::: Data segment

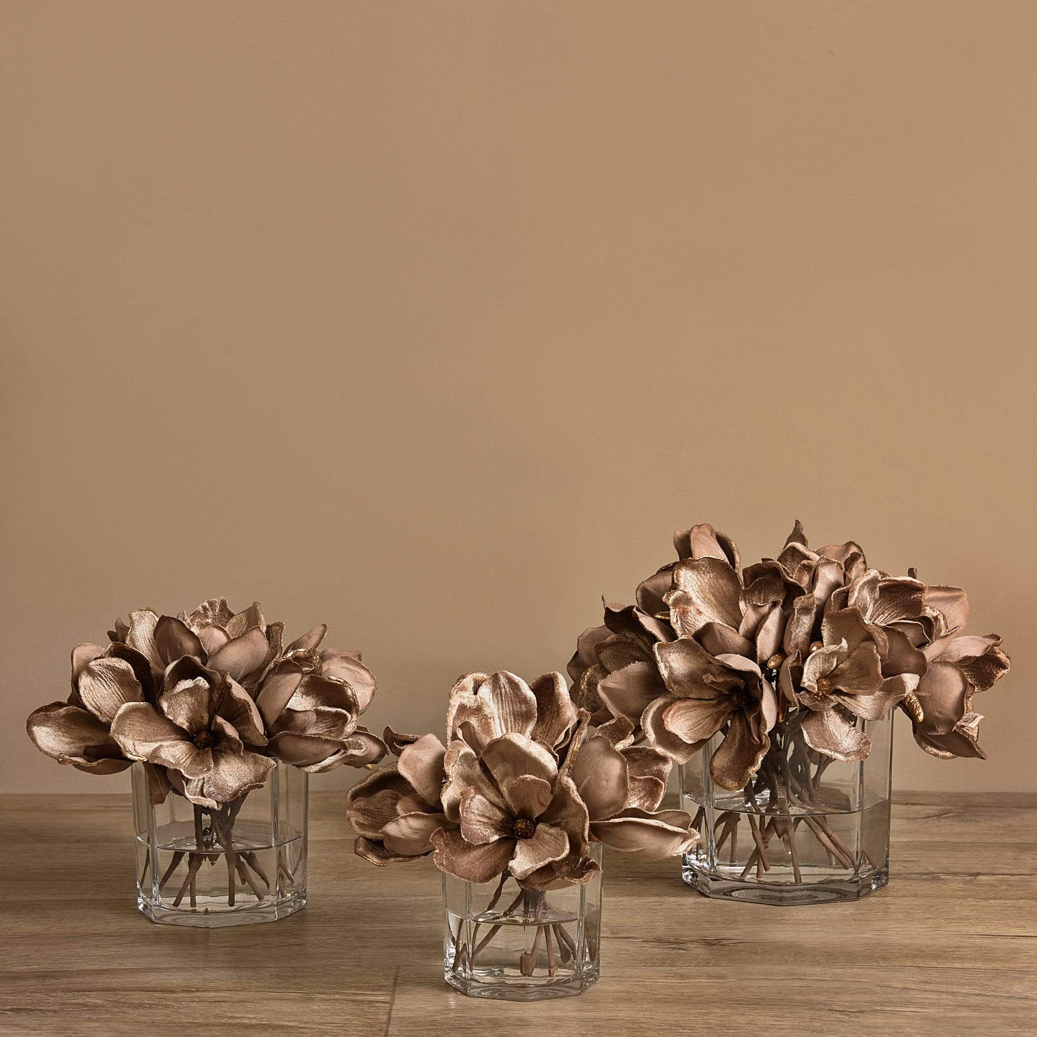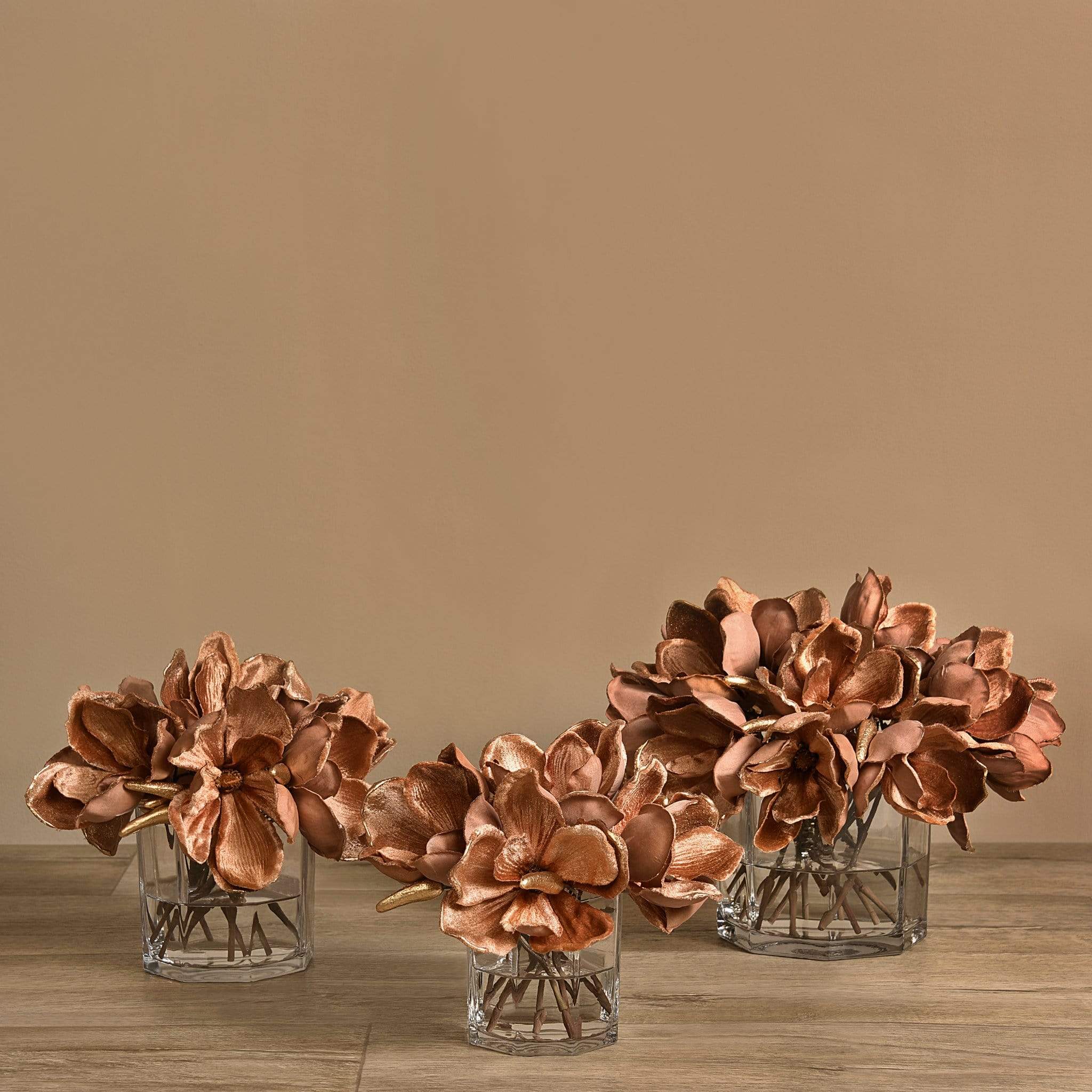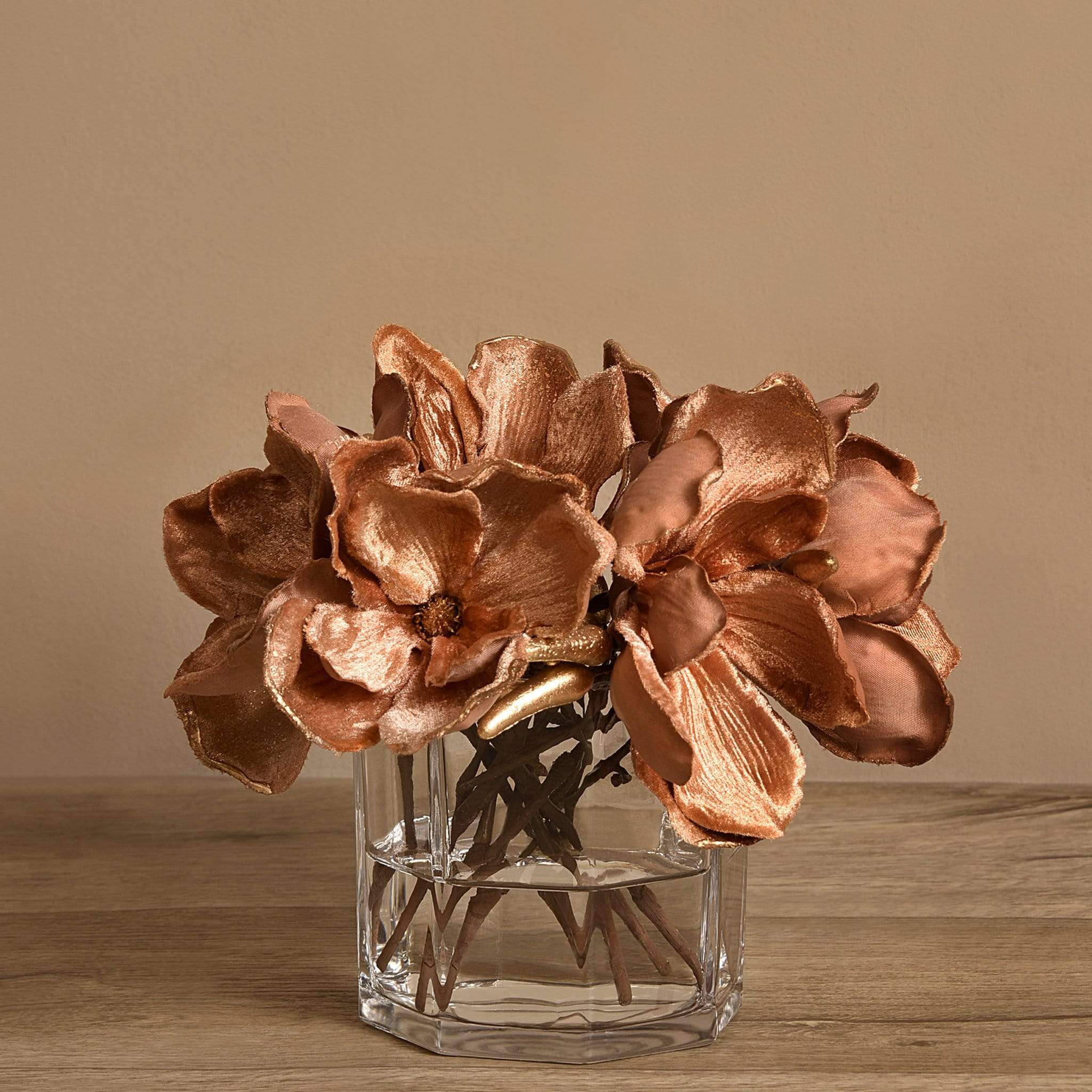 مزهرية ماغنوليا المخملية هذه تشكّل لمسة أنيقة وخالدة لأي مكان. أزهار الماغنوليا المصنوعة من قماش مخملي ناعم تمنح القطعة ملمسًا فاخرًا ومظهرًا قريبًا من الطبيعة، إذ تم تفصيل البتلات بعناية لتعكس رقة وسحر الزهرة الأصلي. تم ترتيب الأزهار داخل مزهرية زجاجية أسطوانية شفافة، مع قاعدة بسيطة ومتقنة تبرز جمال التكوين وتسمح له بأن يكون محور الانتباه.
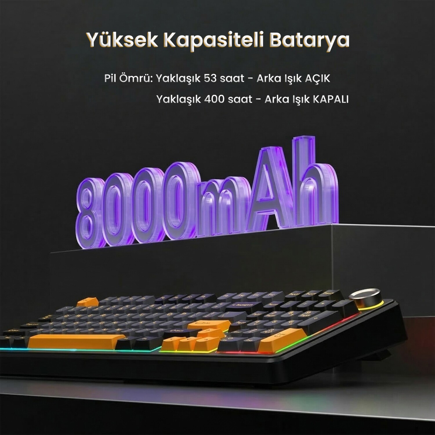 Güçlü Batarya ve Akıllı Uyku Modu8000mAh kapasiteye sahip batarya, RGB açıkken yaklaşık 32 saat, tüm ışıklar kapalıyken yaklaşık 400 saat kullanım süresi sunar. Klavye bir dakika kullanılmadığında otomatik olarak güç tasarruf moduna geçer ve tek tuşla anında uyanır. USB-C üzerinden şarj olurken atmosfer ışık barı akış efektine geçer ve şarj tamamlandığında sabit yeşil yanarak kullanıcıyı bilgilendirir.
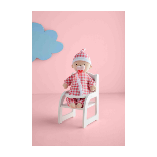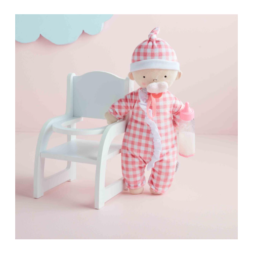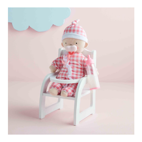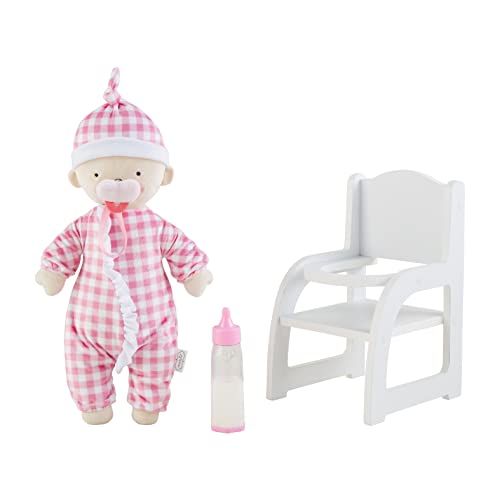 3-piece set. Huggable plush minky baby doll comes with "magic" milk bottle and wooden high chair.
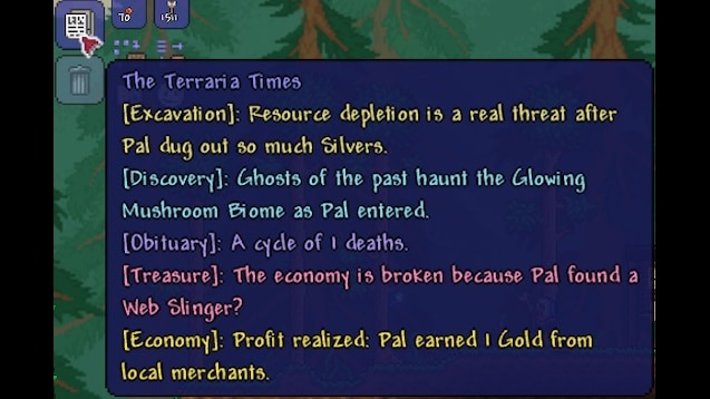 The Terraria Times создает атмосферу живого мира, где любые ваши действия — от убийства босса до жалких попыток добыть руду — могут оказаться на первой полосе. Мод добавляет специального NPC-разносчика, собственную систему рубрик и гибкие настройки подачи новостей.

::::::

## Work to complete
Exactly the lines from the top of the listing through the line holding "3-piece set. Huggable" should be repeated, with pictures left out.

## Task solution
 مزهرية ماغنوليا المخملية هذه تشكّل لمسة أنيقة وخالدة لأي مكان. أزهار الماغنوليا المصنوعة من قماش مخملي ناعم تمنح القطعة ملمسًا فاخرًا ومظهرًا قريبًا من الطبيعة، إذ تم تفصيل البتلات بعناية لتعكس رقة وسحر الزهرة الأصلي. تم ترتيب الأزهار داخل مزهرية زجاجية أسطوانية شفافة، مع قاعدة بسيطة ومتقنة تبرز جمال التكوين وتسمح له بأن يكون محور الانتباه.
 Güçlü Batarya ve Akıllı Uyku Modu8000mAh kapasiteye sahip batarya, RGB açıkken yaklaşık 32 saat, tüm ışıklar kapalıyken yaklaşık 400 saat kullanım süresi sunar. Klavye bir dakika kullanılmadığında otomatik olarak güç tasarruf moduna geçer ve tek tuşla anında uyanır. USB-C üzerinden şarj olurken atmosfer ışık barı akış efektine geçer ve şarj tamamlandığında sabit yeşil yanarak kullanıcıyı bilgilendirir.
 3-piece set. Huggable plush minky baby doll comes with "magic" milk bottle and wooden high chair.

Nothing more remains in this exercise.